A corporation growing math benchmarks for AI didn’t disclose that it had obtained funding from OpenAI till comparatively lately, drawing allegations of impropriety from some within the AI group.
Epoch AI, a nonprofit primarily funded by Open Philanthropy, a analysis and grantmaking basis, revealed on December 20 that OpenAI had supported the creation of FrontierMath. FrontierMath, a take a look at with expert-level issues designed to measure an AI’s mathematical expertise, was one of many benchmarks OpenAI used to demo its upcoming flagship AI, o3.
In a publish on the discussion board LessWrong, a contractor for Epoch AI going by the username “Meemi” says that many contributors to the FrontierMath benchmark weren’t knowledgeable of OpenAI’s involvement till it was made public.
“The communication about this has been non-transparent,” Meemi wrote. “In my opinion Epoch AI ought to have disclosed OpenAI funding, and contractors ought to have clear details about the potential of their work getting used for capabilities, when selecting whether or not to work on a benchmark.”
On social media, some customers raised issues that the secrecy may erode FrontierMath’s popularity as an goal benchmark. Along with backing FrontierMath, OpenAI had visibility into lots of the issues and options within the benchmark — a undeniable fact that Epoch AI didn’t disclose previous to December 20, when o3 was introduced.
In a publish on X, Stanford PhD arithmetic pupil Carina Hong additionally alleged that OpenAI has privileged entry to FrontierMath because of its association with Epoch AI, and that this isn’t sitting properly with some contributors.
“Six mathematicians who considerably contributed to the FrontierMath benchmark confirmed [to me] … that they’re unaware that OpenAI may have unique entry to this benchmark (and others gained’t),” Hong mentioned. “Most specific they don’t seem to be certain they’d have contributed had they identified.”
In a reply to Meemi’s publish, Tamay Besiroglu, affiliate director of Epoch AI and one of many group’s co-founders, asserted that the integrity of FrontierMath hadn’t been compromised, however admitted that Epoch AI “made a mistake” in not being extra clear.
“We have been restricted from disclosing the partnership till across the time o3 launched, and in hindsight we should always have negotiated more durable for the flexibility to be clear to the benchmark contributors as quickly as doable,” Besiroglu wrote. “Our mathematicians deserved to know who might need entry to their work. Regardless that we have been contractually restricted in what let’s imagine, we should always have made transparency with our contributors a non-negotiable a part of our settlement with OpenAI.”
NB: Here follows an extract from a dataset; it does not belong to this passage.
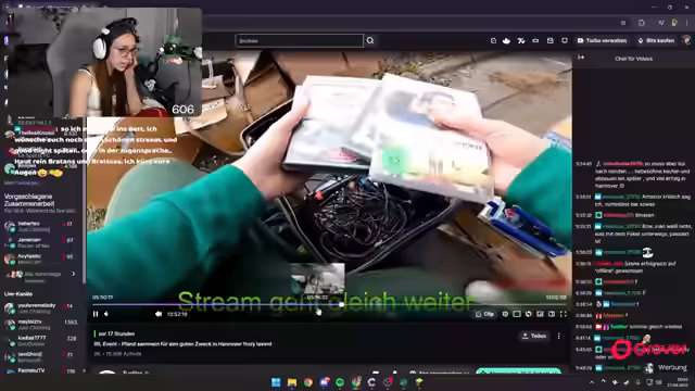 05:54:23Die Sprecherin preist den Streamer Fassler, der ausschließlich Flohmarkt-Content erstellt und als sehr herzenslieber Mensch beschrieben wird. Sein einzigartiges Konzept beinhaltet das Aufkaufen von Flohmarkt-Fundstücken und deren Versteigerung im Chat, wobei Zuschauer sich für eine exklusive Seite anmelden können. Sie erwähnt einen spektakulären Clip, in dem er morgens um 5 Uhr auf einem Flohmarkt gestreamt hat und bewundert seine Expertise auf diesem Gebiet.

Besiroglu added that whereas OpenAI has entry to FrontierMath, it has a “verbal settlement” with Epoch AI to not use FrontierMath’s downside set to coach its AI. (Coaching an AI on FrontierMath could be akin to educating to the take a look at.) Epoch AI additionally has a “separate holdout set” that serves as an extra safeguard for impartial verification of FrontierMath benchmark outcomes, Besiroglu mentioned.
“OpenAI has … been absolutely supportive of our determination to take care of a separate, unseen holdout set,” Besiroglu wrote.
Nonetheless, muddying the waters, Epoch AI lead mathematician Ellot Glazer famous in a publish on Reddit that Epoch AI hasn’t be capable of independently confirm OpenAI’s FrontierMath o3 outcomes.
“My private opinion is that [OpenAI’s] rating is legit (i.e., they didn’t practice on the dataset), and that they don’t have any incentive to lie about inner benchmarking performances,” Glazer mentioned. “Nonetheless, we are able to’t vouch for them till our impartial analysis is full.”
The saga is but one other instance of the problem of growing empirical benchmarks to guage AI — and securing the mandatory assets for benchmark growth with out creating the notion of conflicts of curiosity.